EXTRACTED RECORDS Start Marker

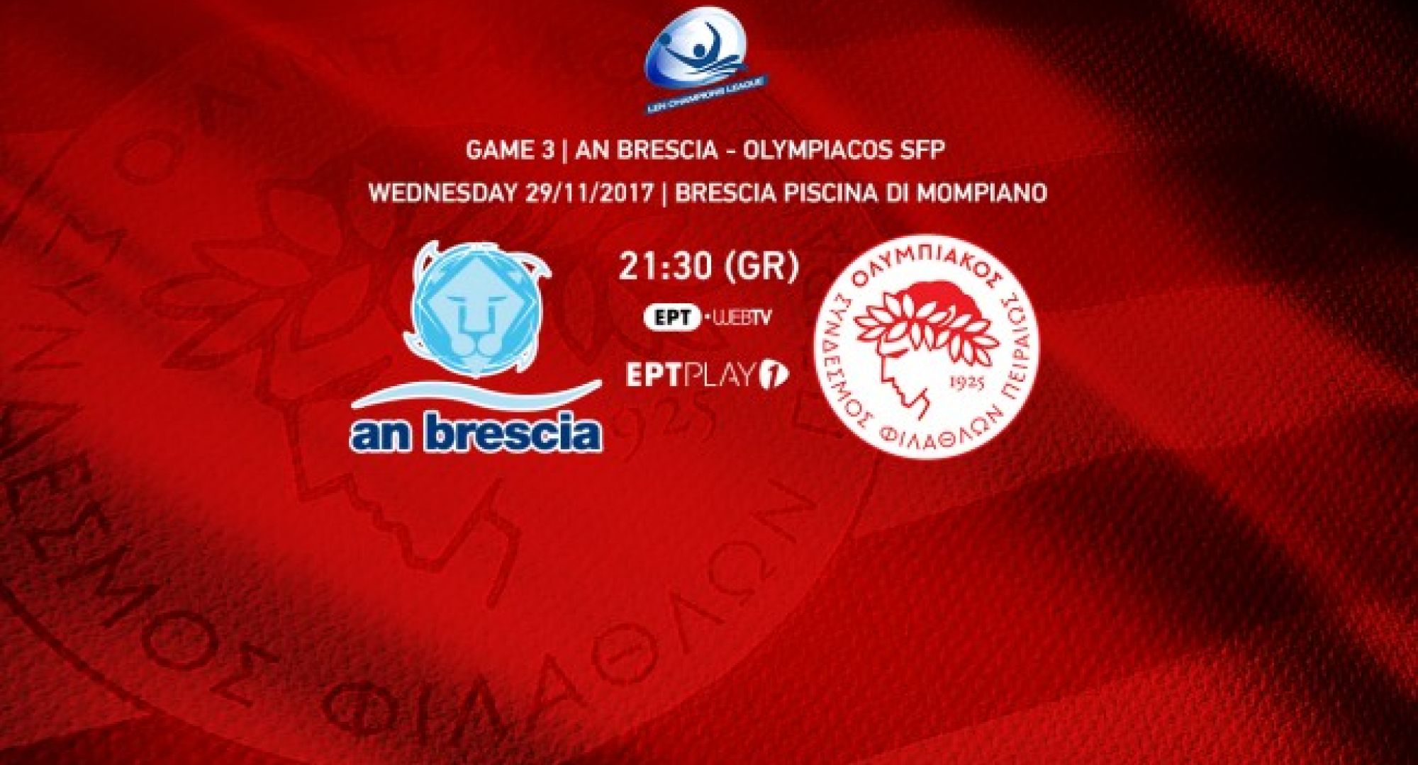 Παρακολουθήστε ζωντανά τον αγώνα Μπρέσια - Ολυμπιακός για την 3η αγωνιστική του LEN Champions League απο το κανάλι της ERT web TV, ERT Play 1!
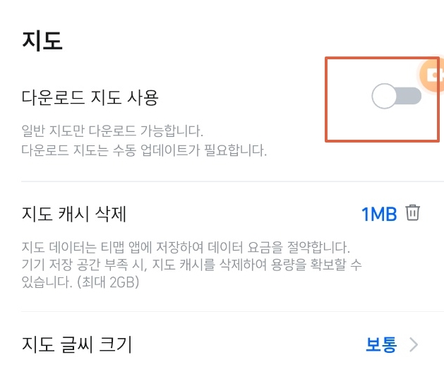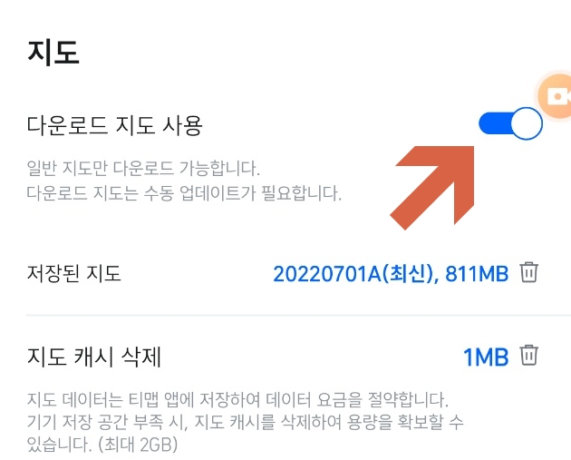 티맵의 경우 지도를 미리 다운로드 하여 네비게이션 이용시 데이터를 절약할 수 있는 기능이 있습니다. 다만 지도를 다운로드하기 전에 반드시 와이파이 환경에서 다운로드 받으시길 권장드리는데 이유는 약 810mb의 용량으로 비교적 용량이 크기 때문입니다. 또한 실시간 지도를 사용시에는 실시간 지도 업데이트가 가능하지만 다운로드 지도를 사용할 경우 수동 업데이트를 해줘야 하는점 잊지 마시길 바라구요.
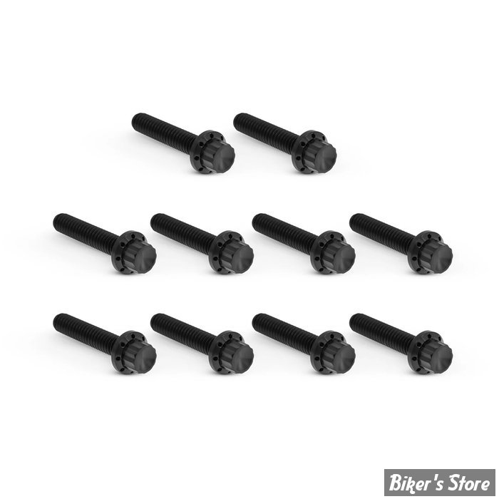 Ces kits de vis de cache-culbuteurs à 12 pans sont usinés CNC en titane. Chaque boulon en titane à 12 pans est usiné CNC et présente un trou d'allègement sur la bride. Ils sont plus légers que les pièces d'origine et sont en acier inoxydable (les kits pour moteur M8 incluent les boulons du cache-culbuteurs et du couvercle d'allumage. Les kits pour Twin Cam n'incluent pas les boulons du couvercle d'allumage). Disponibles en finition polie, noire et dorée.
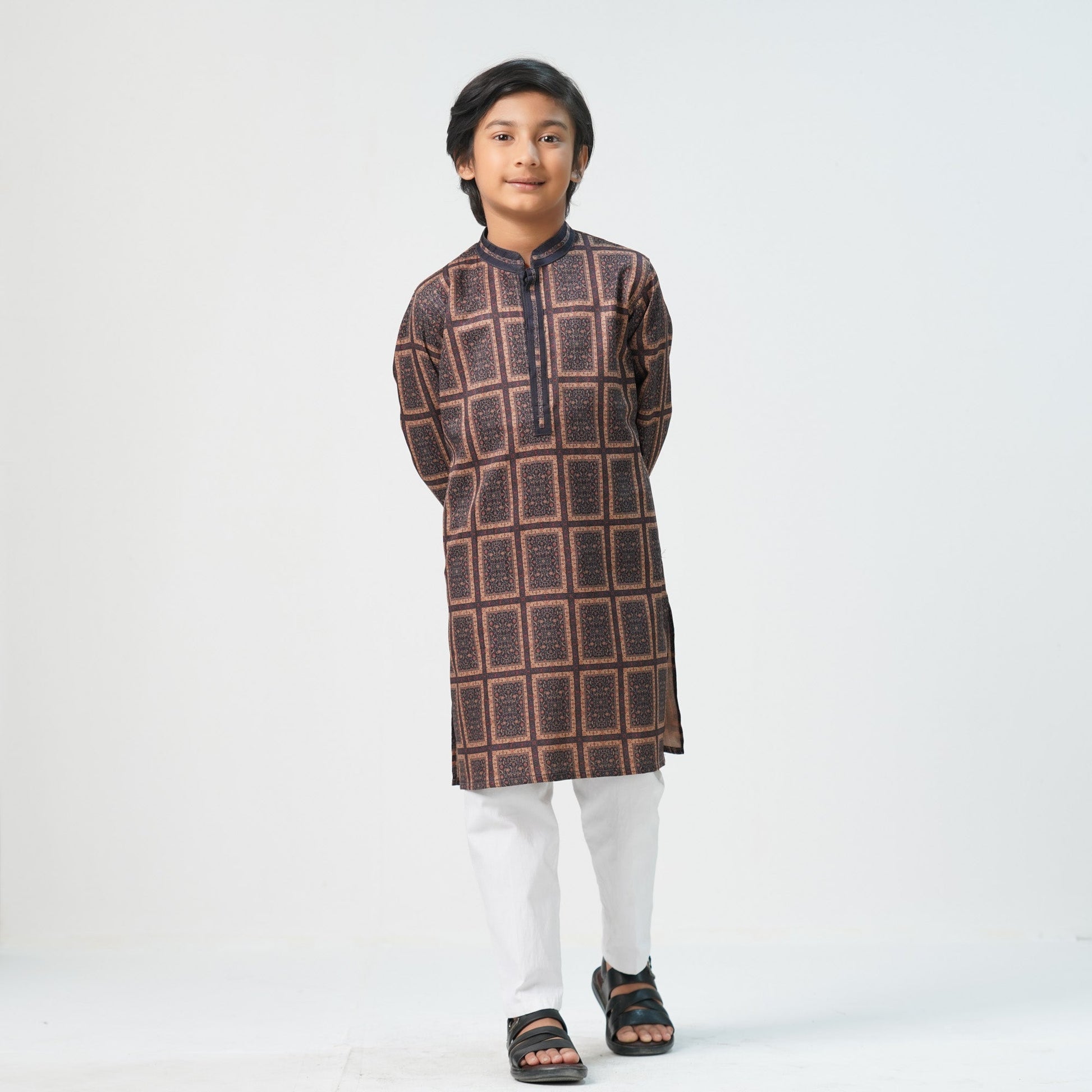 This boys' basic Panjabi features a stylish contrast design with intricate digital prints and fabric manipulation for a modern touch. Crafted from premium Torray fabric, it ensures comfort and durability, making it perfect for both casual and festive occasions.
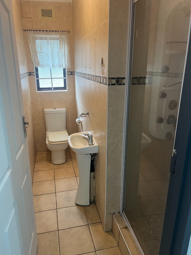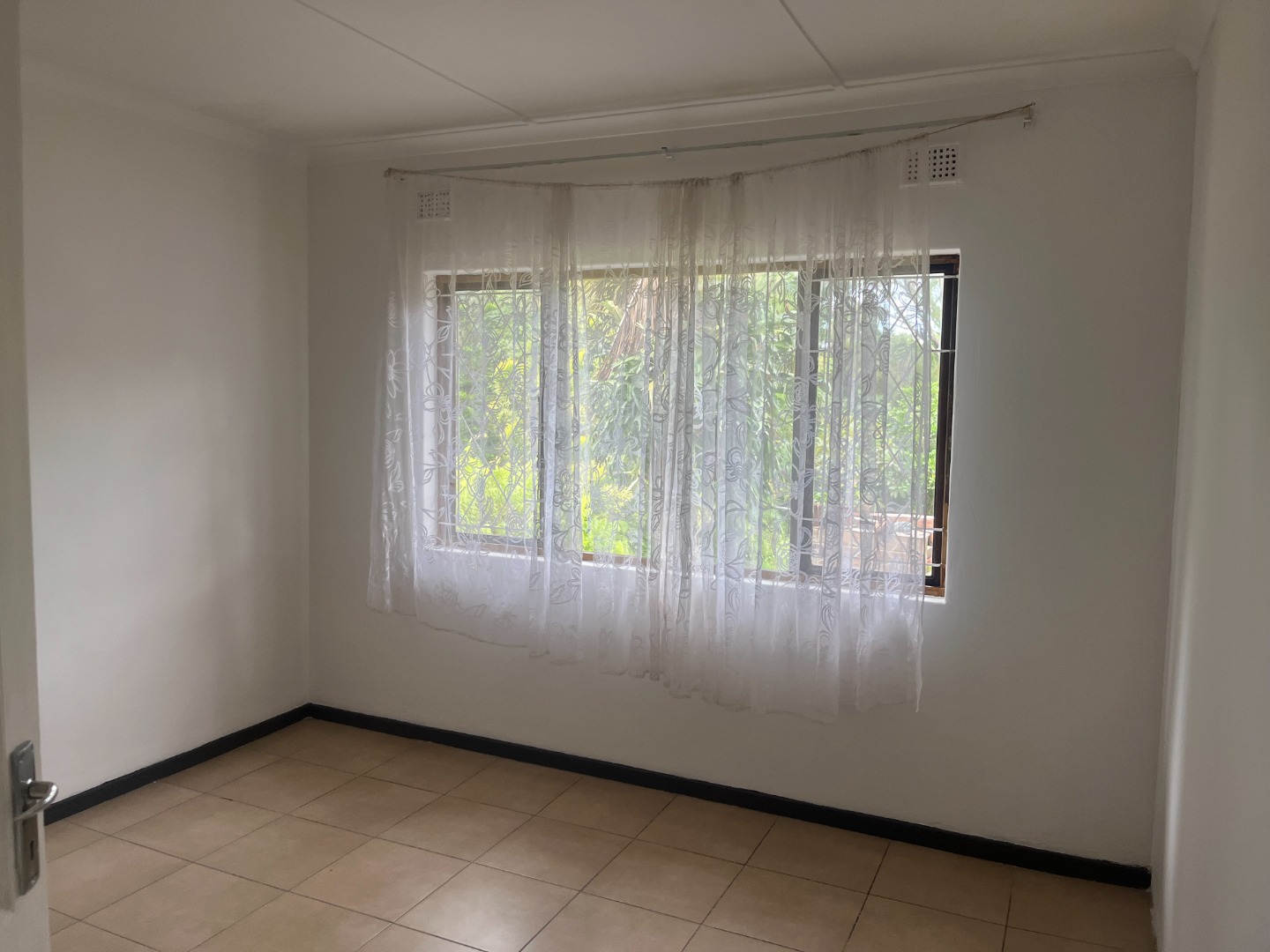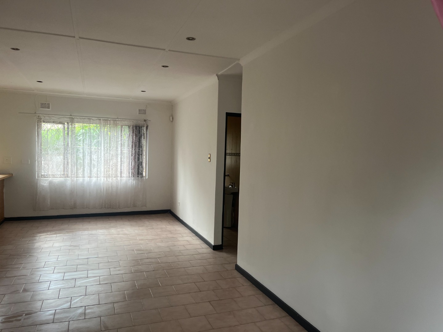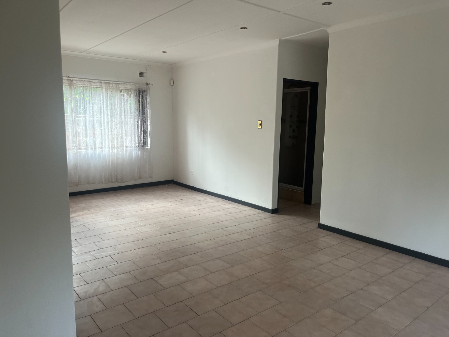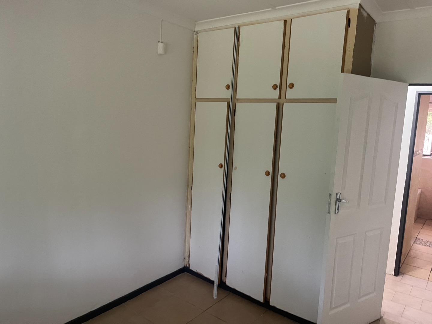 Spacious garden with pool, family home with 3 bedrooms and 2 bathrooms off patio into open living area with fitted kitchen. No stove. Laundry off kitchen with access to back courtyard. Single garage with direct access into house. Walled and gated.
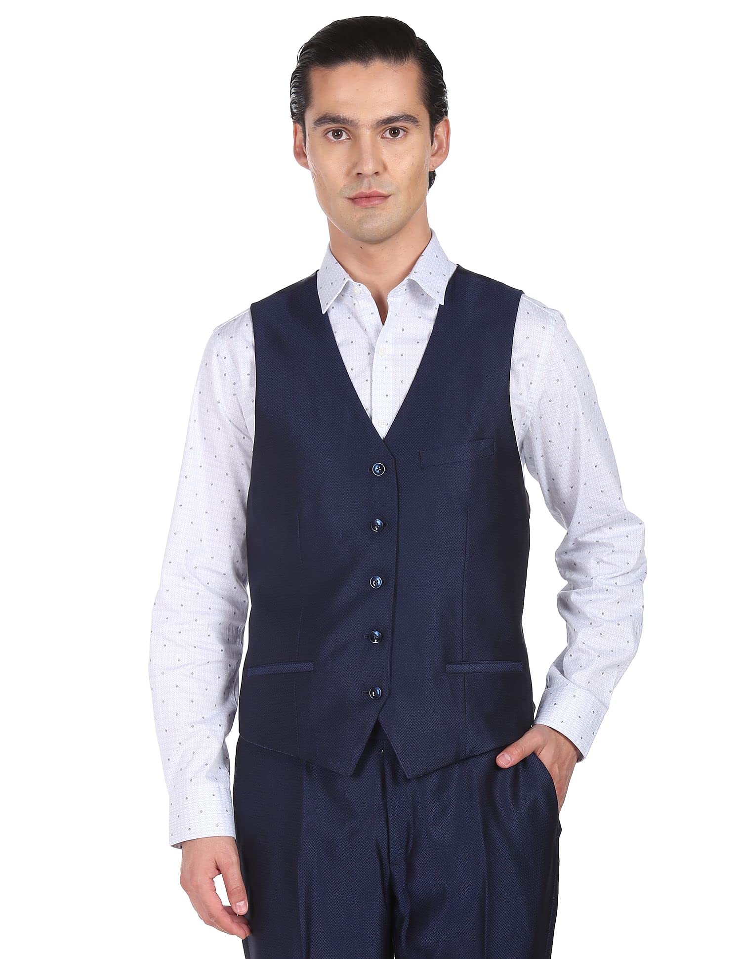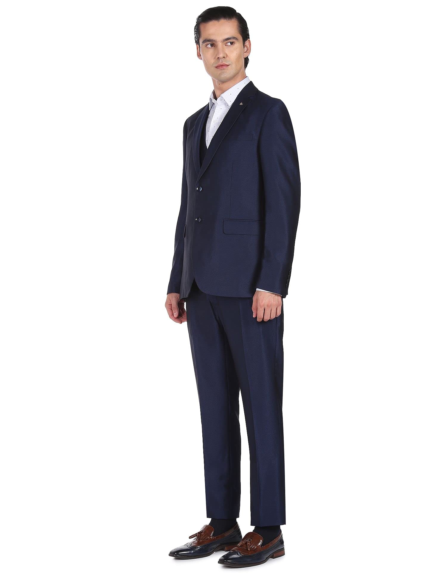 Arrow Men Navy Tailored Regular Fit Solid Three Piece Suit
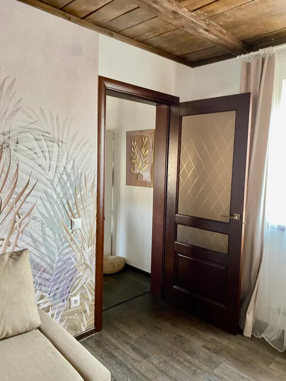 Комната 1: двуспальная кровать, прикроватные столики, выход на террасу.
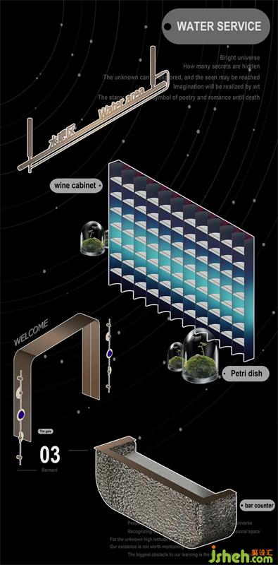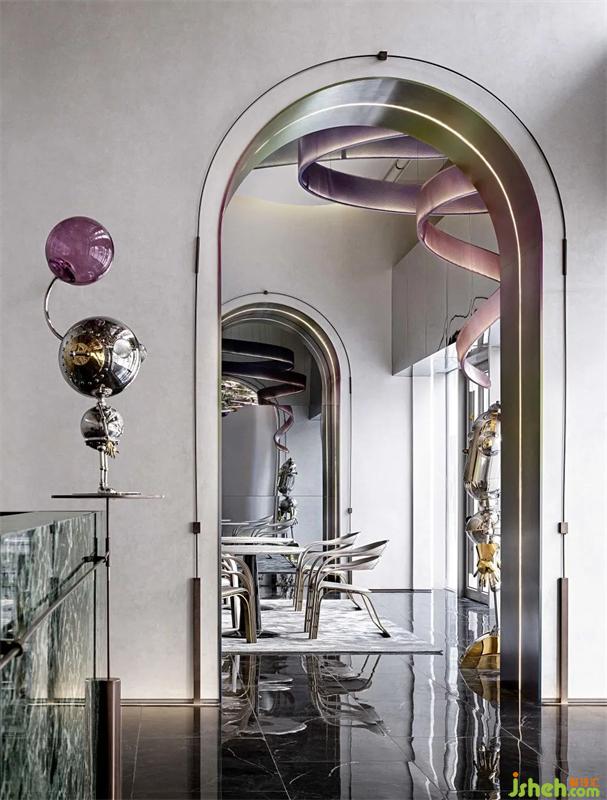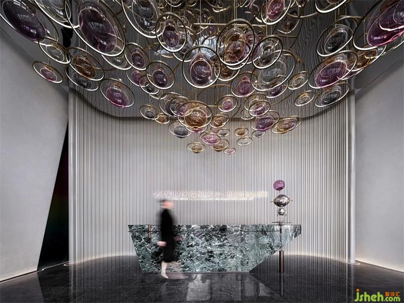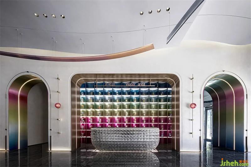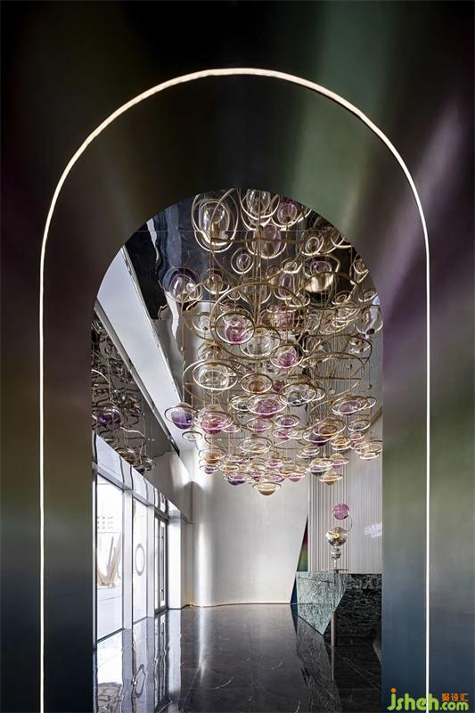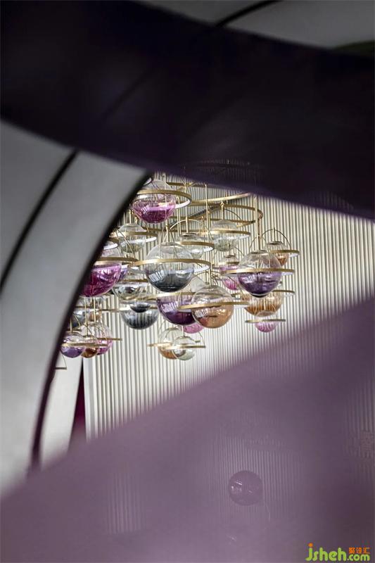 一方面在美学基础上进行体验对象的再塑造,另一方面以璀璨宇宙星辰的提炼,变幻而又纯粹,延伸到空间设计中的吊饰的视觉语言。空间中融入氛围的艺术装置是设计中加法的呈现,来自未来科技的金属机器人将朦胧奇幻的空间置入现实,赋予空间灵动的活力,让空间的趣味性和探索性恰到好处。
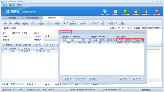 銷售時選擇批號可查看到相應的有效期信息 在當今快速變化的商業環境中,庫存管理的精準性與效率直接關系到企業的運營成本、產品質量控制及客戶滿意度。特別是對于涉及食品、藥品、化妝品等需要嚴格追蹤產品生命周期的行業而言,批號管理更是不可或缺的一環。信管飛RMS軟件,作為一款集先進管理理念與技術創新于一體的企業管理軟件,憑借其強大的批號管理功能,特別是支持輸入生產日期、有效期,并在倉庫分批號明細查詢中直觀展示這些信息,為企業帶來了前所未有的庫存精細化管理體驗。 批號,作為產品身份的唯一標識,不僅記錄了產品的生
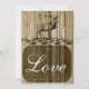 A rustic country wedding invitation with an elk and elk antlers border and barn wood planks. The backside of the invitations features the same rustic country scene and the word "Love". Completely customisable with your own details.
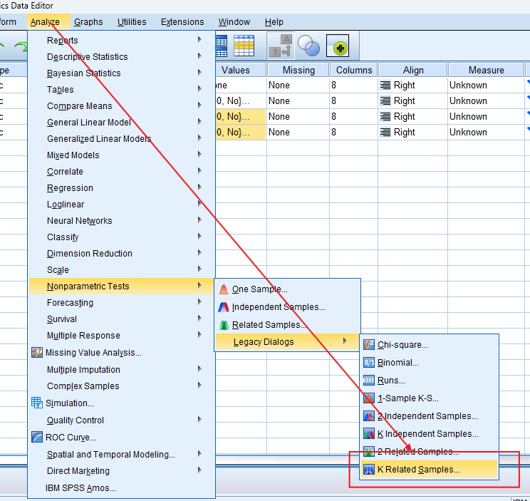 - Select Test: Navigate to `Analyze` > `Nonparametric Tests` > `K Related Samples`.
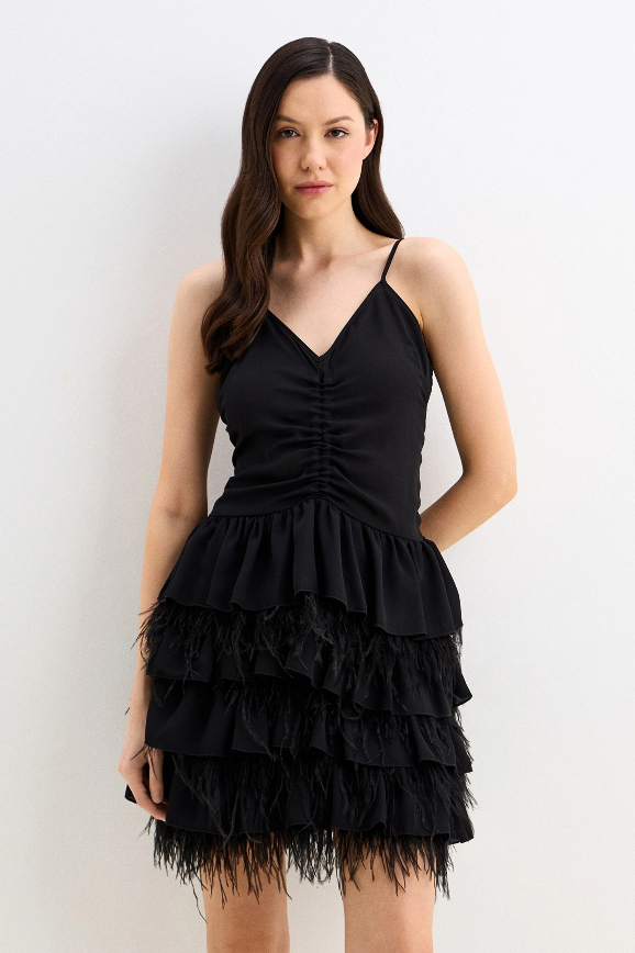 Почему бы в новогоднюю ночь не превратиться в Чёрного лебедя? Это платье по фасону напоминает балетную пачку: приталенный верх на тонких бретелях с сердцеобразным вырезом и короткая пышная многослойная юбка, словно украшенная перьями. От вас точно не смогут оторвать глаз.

EXTRACTED RECORDS End Marker

**WORK TO BE COMPLETED**
Write out only the lines from the one that contains "A rustic country" through the last line of the records above, both included, word for word and without the pictures.

**ANSWER TO THIS EXERCISE**
 A rustic country wedding invitation with an elk and elk antlers border and barn wood planks. The backside of the invitations features the same rustic country scene and the word "Love". Completely customisable with your own details.
 - Select Test: Navigate to `Analyze` > `Nonparametric Tests` > `K Related Samples`.
 Почему бы в новогоднюю ночь не превратиться в Чёрного лебедя? Это платье по фасону напоминает балетную пачку: приталенный верх на тонких бретелях с сердцеобразным вырезом и короткая пышная многослойная юбка, словно украшенная перьями. От вас точно не смогут оторвать глаз.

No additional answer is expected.